> WHAT IS BEING ASKED
Only the stretch of the listing below that runs from the line with "Set in Spain" through the line with "Как при помощи" is to be printed, exactly and with both ends.

> RECORDS SHOWN

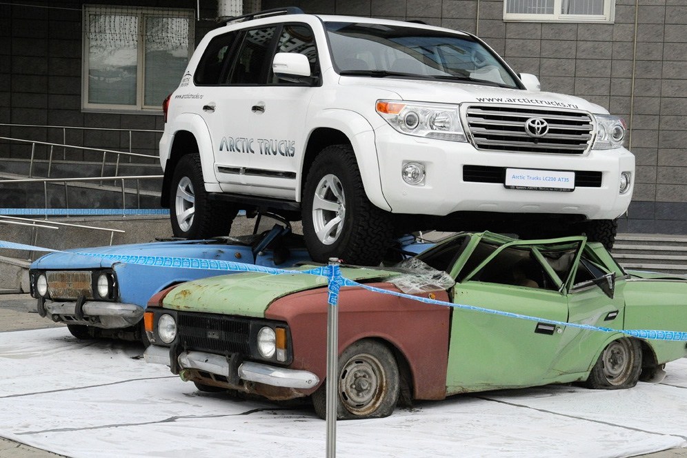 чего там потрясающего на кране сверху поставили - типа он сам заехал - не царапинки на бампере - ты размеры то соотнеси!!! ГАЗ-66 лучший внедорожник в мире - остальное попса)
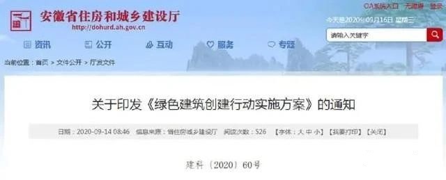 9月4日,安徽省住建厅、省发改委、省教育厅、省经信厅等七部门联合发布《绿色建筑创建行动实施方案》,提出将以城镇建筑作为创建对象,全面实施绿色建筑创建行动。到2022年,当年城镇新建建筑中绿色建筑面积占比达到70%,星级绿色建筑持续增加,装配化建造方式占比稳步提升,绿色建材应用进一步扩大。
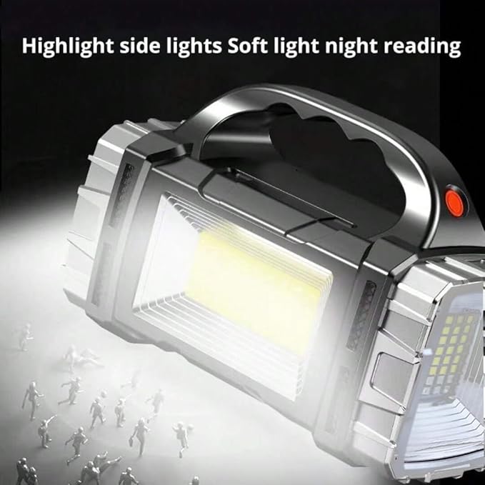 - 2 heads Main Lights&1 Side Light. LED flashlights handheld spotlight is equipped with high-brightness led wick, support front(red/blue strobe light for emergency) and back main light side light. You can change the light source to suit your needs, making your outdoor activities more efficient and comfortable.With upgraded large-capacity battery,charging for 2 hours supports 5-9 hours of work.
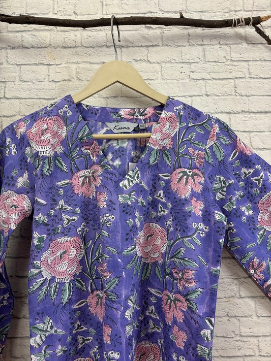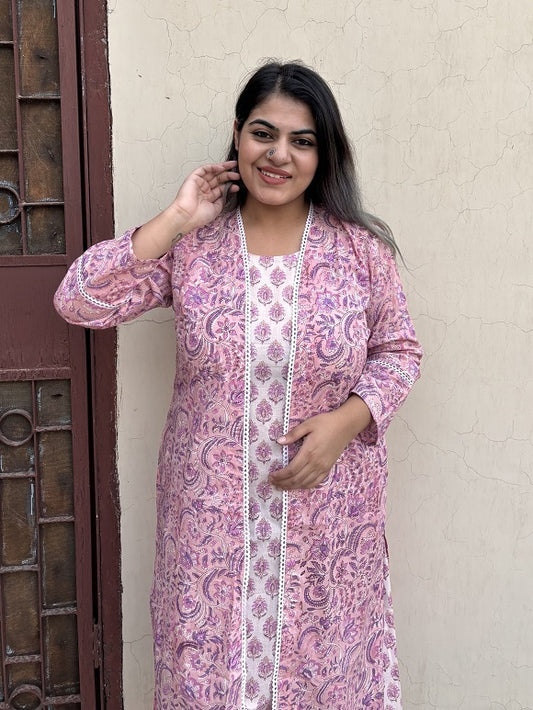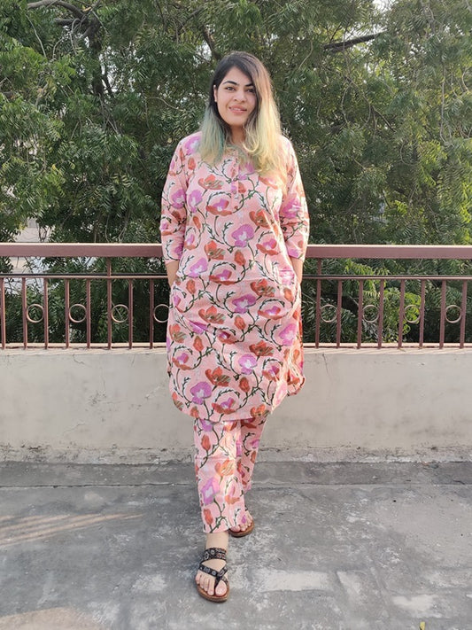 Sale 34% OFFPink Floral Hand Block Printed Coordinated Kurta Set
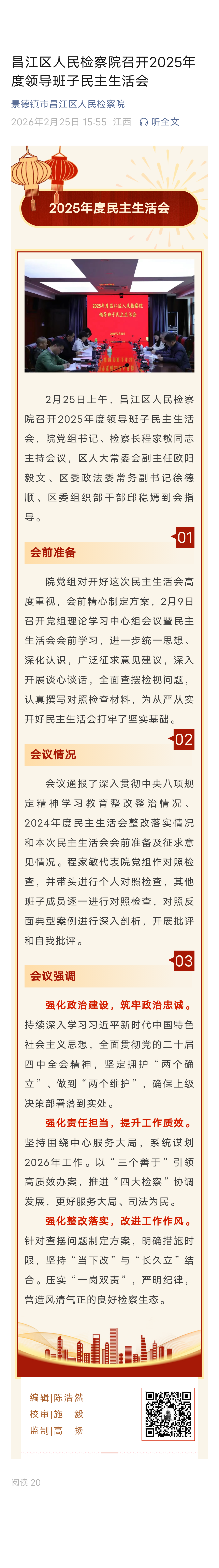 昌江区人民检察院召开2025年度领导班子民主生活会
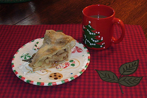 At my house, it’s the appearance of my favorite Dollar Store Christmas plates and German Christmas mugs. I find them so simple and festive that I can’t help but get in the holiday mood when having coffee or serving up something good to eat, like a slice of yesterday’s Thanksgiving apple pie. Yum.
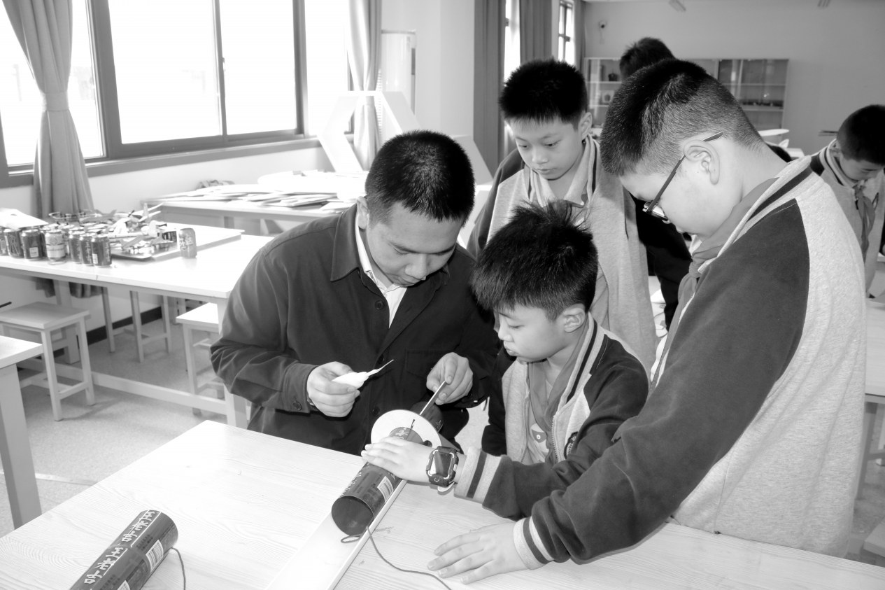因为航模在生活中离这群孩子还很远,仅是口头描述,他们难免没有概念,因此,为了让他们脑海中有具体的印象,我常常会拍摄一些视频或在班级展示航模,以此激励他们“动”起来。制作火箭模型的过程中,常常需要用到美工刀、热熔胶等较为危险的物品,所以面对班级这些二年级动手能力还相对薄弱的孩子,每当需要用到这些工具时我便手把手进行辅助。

--

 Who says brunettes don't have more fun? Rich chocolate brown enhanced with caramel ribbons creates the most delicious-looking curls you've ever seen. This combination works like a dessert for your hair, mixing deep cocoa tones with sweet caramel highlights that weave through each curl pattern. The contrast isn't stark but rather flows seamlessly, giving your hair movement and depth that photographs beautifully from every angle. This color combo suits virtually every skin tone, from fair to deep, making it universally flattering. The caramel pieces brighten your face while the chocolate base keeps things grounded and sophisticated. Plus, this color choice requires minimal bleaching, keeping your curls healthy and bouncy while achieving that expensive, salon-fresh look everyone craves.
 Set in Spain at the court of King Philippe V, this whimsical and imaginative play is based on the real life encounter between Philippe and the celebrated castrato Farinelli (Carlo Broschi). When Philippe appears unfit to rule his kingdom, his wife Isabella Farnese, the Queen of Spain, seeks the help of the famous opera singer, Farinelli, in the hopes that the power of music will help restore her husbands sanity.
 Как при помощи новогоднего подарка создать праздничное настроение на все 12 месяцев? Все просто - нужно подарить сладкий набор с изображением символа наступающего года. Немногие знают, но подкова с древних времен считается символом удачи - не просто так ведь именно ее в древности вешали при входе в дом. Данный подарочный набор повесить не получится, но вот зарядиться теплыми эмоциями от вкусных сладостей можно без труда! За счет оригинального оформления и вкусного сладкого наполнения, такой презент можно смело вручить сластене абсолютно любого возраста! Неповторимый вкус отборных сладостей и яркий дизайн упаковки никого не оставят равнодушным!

> EXPECTED ANSWER
 Set in Spain at the court of King Philippe V, this whimsical and imaginative play is based on the real life encounter between Philippe and the celebrated castrato Farinelli (Carlo Broschi). When Philippe appears unfit to rule his kingdom, his wife Isabella Farnese, the Queen of Spain, seeks the help of the famous opera singer, Farinelli, in the hopes that the power of music will help restore her husbands sanity.
 Как при помощи новогоднего подарка создать праздничное настроение на все 12 месяцев? Все просто - нужно подарить сладкий набор с изображением символа наступающего года. Немногие знают, но подкова с древних времен считается символом удачи - не просто так ведь именно ее в древности вешали при входе в дом. Данный подарочный набор повесить не получится, но вот зарядиться теплыми эмоциями от вкусных сладостей можно без труда! За счет оригинального оформления и вкусного сладкого наполнения, такой презент можно смело вручить сластене абсолютно любого возраста! Неповторимый вкус отборных сладостей и яркий дизайн упаковки никого не оставят равнодушным!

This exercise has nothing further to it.